** Opening Excerpted records block **

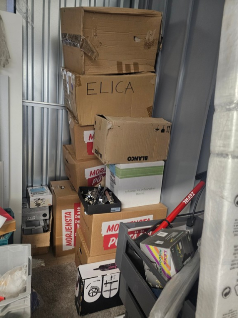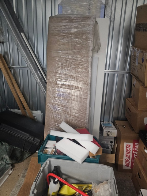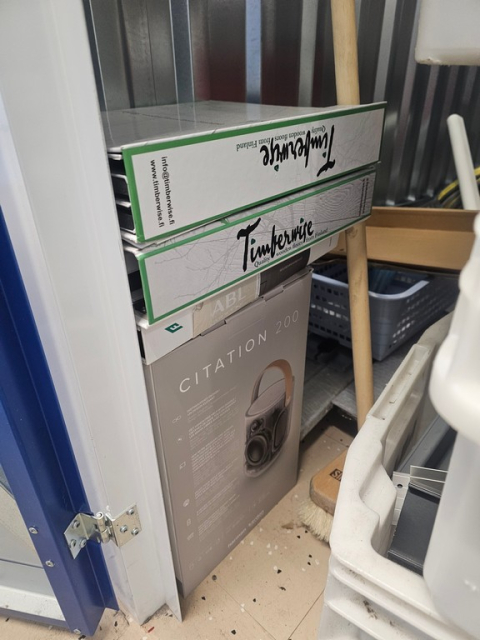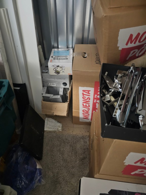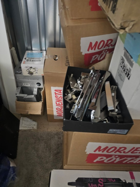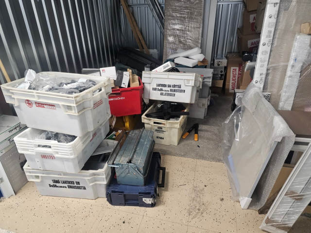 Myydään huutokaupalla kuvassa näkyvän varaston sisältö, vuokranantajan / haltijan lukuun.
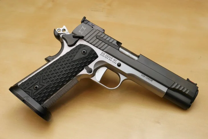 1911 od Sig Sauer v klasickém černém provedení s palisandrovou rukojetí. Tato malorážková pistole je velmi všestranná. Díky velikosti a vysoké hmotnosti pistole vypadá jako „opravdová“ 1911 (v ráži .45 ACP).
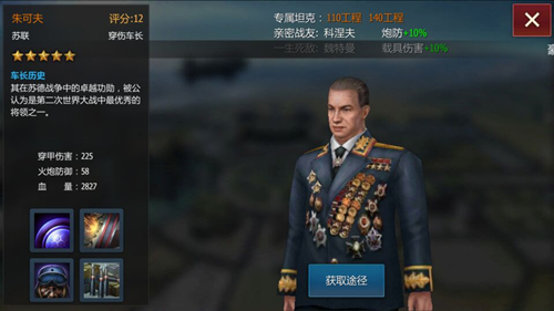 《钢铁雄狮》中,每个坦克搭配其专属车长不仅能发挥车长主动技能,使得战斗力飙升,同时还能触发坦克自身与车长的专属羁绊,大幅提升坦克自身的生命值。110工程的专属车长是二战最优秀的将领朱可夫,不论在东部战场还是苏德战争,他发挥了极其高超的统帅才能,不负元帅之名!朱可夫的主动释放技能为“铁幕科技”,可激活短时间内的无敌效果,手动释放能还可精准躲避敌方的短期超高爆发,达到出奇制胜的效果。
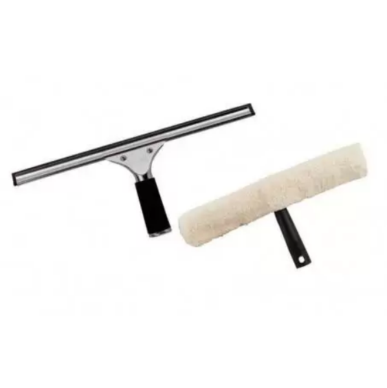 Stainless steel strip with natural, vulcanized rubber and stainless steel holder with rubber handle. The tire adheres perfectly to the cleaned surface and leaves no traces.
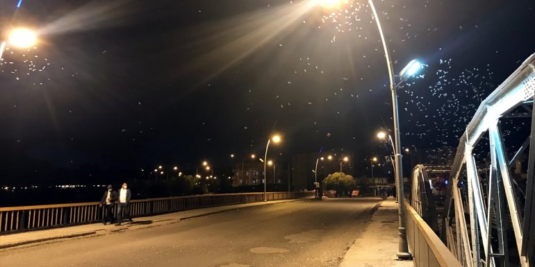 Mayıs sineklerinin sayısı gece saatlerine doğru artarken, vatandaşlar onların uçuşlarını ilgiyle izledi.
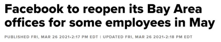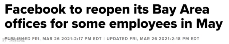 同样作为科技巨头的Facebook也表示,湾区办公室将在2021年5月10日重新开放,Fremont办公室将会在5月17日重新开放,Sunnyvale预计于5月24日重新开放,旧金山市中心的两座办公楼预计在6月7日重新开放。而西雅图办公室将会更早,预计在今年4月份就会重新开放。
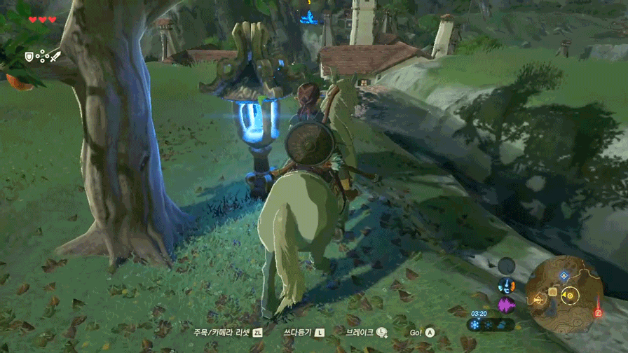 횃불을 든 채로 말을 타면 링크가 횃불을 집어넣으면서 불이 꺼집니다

** Closing Excerpted records block **

Task instructions =
The answer must be an exact copy of the records above, with the pictures left out.

Exercise answer =
 Myydään huutokaupalla kuvassa näkyvän varaston sisältö, vuokranantajan / haltijan lukuun.
 1911 od Sig Sauer v klasickém černém provedení s palisandrovou rukojetí. Tato malorážková pistole je velmi všestranná. Díky velikosti a vysoké hmotnosti pistole vypadá jako „opravdová“ 1911 (v ráži .45 ACP).
 《钢铁雄狮》中,每个坦克搭配其专属车长不仅能发挥车长主动技能,使得战斗力飙升,同时还能触发坦克自身与车长的专属羁绊,大幅提升坦克自身的生命值。110工程的专属车长是二战最优秀的将领朱可夫,不论在东部战场还是苏德战争,他发挥了极其高超的统帅才能,不负元帅之名!朱可夫的主动释放技能为“铁幕科技”,可激活短时间内的无敌效果,手动释放能还可精准躲避敌方的短期超高爆发,达到出奇制胜的效果。
 Stainless steel strip with natural, vulcanized rubber and stainless steel holder with rubber handle. The tire adheres perfectly to the cleaned surface and leaves no traces.
 Mayıs sineklerinin sayısı gece saatlerine doğru artarken, vatandaşlar onların uçuşlarını ilgiyle izledi.
 同样作为科技巨头的Facebook也表示,湾区办公室将在2021年5月10日重新开放,Fremont办公室将会在5月17日重新开放,Sunnyvale预计于5月24日重新开放,旧金山市中心的两座办公楼预计在6月7日重新开放。而西雅图办公室将会更早,预计在今年4月份就会重新开放。
 횃불을 든 채로 말을 타면 링크가 횃불을 집어넣으면서 불이 꺼집니다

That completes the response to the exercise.